RNA-Seq using a reference genome¶
Author: | Liron Levin |
---|---|
Affiliation: | Bioinformatics Core Facility |
Organization: | National Institute of Biotechnology in the Negev, Ben Gurion University. |
Page Contents:
Note
In order to use this Work-Flow first:
- Install NeatSeq-Flow using conda
- Make sure that conda is in your PATH.
Steps¶
- Merge Decompression and Concatenation (IF NEADED) of read files into single files per direction.
- FastQC_Merge Quality tests on the original reads using FastQC.
- MultiQC_pre_trim Quality report on the original reads using MultiQC.
- Trim_Galore Reads trimming using Trim_Galore.
- FastQC_Trim_Galore Quality tests on reads after trimming using FastQC.
- RSEM_Genome indexing of the reference genome, mapping of the post trimming reads and count data creation.

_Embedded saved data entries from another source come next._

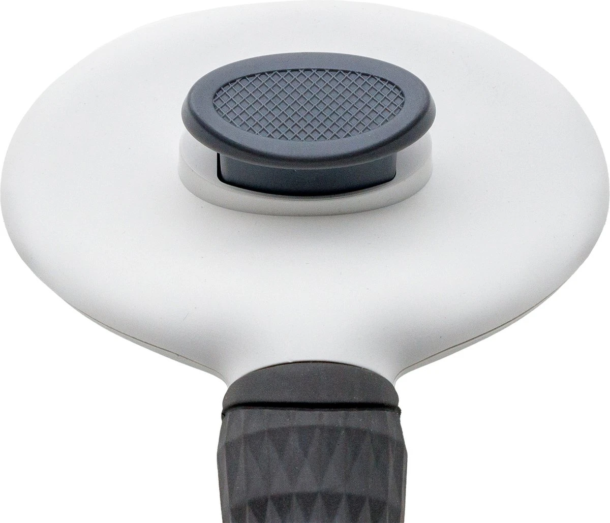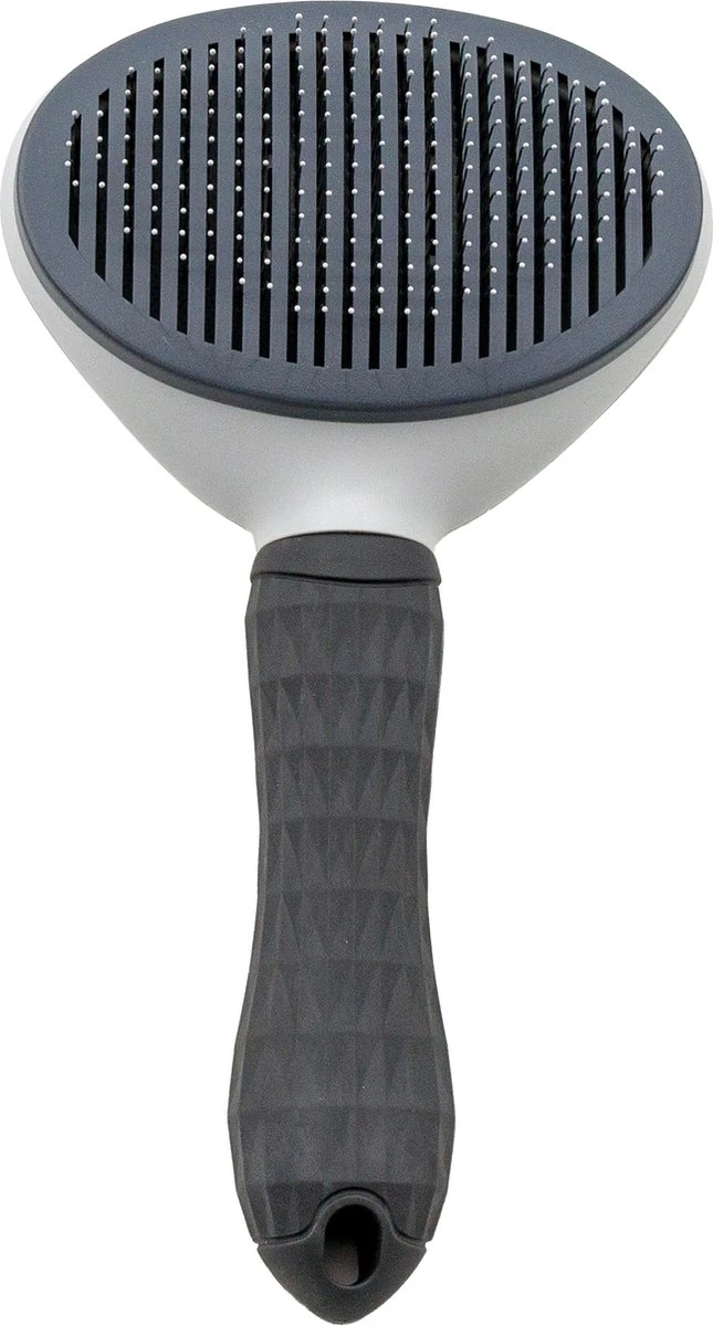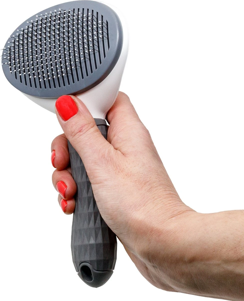 - Intrekbare borstelharen: de zelfreinigende slickerborstel is enorm gemakkelijk te gebruiken en schoon te maken; nadat u op de knop hebt gedrukt en de borstelharen hebt losgemaakt, kunt u beginnen met het borstelen van uw huisdier; na het borstelen drukt u nogmaals op de knop om de borstelharen in te trekken; de vacht kunt u gemakkelijk wegvegen, zodat u geen plukken vacht meer uit uw huisdierborstel hoeft te peuteren.
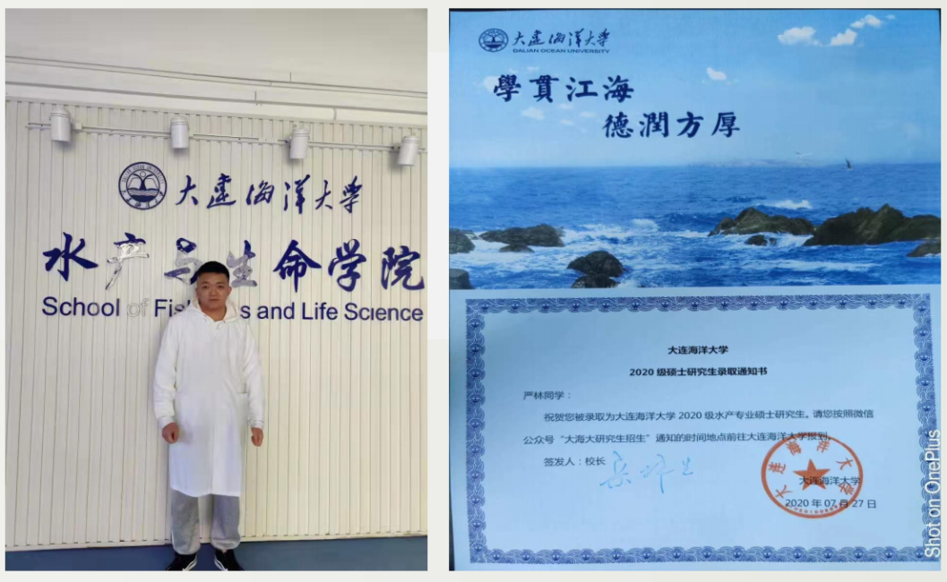 严林同学考取大连海洋大学的研究生
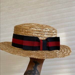 Vintage Straw Boater Hat | Black & Red Ribbon | Classic Skimmer Style

- MultiQC_post_trim Quality report on the trimmed reads and mapping information using MultiQC.
Workflow Schema¶
Note
It is possible to add a DeSeq2 step for Differential Expression, Clustering and Functional Analyses. For more information see the DESeq2 Tutorial
Requires¶
- Paired end or single-end reads fastq files. .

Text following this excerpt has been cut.